В поисках полутонов - страница 6



Когда я пришла учиться в Алтайское художественное училище, у меня был замечательный педагог – Александр Петрович Ботев8. Звали мы его Сандро Боттичелли. Великолепный алтайский художник, к сожалению, уже ушедший из жизни. Все девчонки курса были в него немножко влюблены. А моя подруга впоследствии вышла за него замуж. Но я – про живопись, а он был настоящим живописцем – интересным, узнаваемым. Его работы до сих пор меня вдохновляют. Александр Петрович мне говорил: «Тебя Бог поцеловал». При этом воспитывал по-отечески и часто ругал. Но наставления, как выяснилось, я смогла оценить гораздо позже.

В училищной аудитории во время занятий живописью стоял жуткий запах растворителя, потому что комната была не такая уж большая, а нас пятнадцать человек (меня часто тошнило от этого запаха, думала, придется бросить профессию, но привыкла). Мольберты стояли тесно друг к другу. Мы писали натюрморты, натуру, даже обнаженку, и это были мои самые счастливые живописные дни. Я впитывала новые знания, училась и не боялась, потому что многого не знала, не понимала. А сейчас, имея за плечами большой багаж опыта, не могу писать свободно и непосредственно. Не получается. Смотрю на свои студенческие работы, по сути дела, ученические, и думаю: «Вот настоящая живопись».

Моими любимыми художниками с юности были Николай Фешин9 и Евсей Моисеенко10. Моисеенко в свое время подражали многие (особенно когда он стал известен и преподавал в Академии им. Репина11 в Санкт-Петербурге), а уж студенты тем паче. Живопись «под Моисеенко». Я тоже пыталась, а еще иногда писала «под Ботева». Как-то раз мы поехали на пленэр в Горный Алтай. Нам выделили помещение в школе – старой деревянной десятилетке. Там была кухня с каменной печью. Приходилось даже в жару в свое дежурство стоять у печи и готовить. Дежурили, конечно, по очереди. Растапливали печь дровами и готовили завтраки, обеды и ужины на восемнадцать человек (группа, которая приехала на пленэр с преподавателем). Мы писали этюды маслом, делали зарисовки, потом сушили и демонстрировали работы в спортивном зале. И вот я стою около этой экспозиции, а кто-то из студентов-одногруппников заходит и говорит: «О, Ботев новый этюд написал!». А я такая гордая: «Нет, не Ботев, это я».
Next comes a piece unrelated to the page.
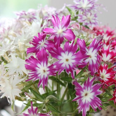 Phlox Twinkles produces compact, star-shaped blooms in bright and pastel shades, creating a twinkling effect. It thrives in cool to mild weather, full sunlight to partial shade, and grows well in 8-10 inch pots, borders, or rock gardens. This low-maintenance, bushy plant is perfect for ground cover or colorful garden edges.

Мне было тогда шестнадцать, и я была одной из самых юных в нашей группе. Художественное училище давало хорошую профессиональную базу, серьезную творческую подготовку и приобщало к высокому искусству. За счет выделяемых государством средств мы ездили в столицу, посещали музеи, восхищались величием Кремля, архитектурным ансамблем Загорска (ныне Сергиев Посад). Моя благодарность Алтайскому художественному училищу12, его педагогам, ныне ушедшим – А. Раменскому, Б. Босько, А. Ботеву – безмерна. Профессиональный задел и творческие эмоции, жизнь без которых для меня сегодня немыслима, дали именно то время, люди и окружение. Именно тогда зародилась любовь к живописи – в дни, когда мы ездили на этюды в Затон, в Горный, когда работали в мастерских и на пленэрах.

Масляная живопись – это, пожалуй, единственный предмет, который по-настоящему был для меня источником вдохновения. Все остальное – тяжкий труд. Да, и живопись – это прежде всего труд. Труд души, мозга, когда надо много думать, анализировать. Причем, когда работаешь с преподавателем, это одно, а самостоятельно – совсем другое дело. Сааам! Никто тебе не поможет. Именно ты создаешь то, что рождается в твоем воображении. И никто тебе не указ, никто не поддержка. Это уже только твое. Знаете, как у волшебника в песне: «Сделать хотел грозу, а получил козу». Вот так бывает и в живописи. Задумал одно, а получил совсем другое, и потом нужно переделывать, переписывать, в стремлении к тому, что ты когда-то увидел, почувствовал и решил, что будет так.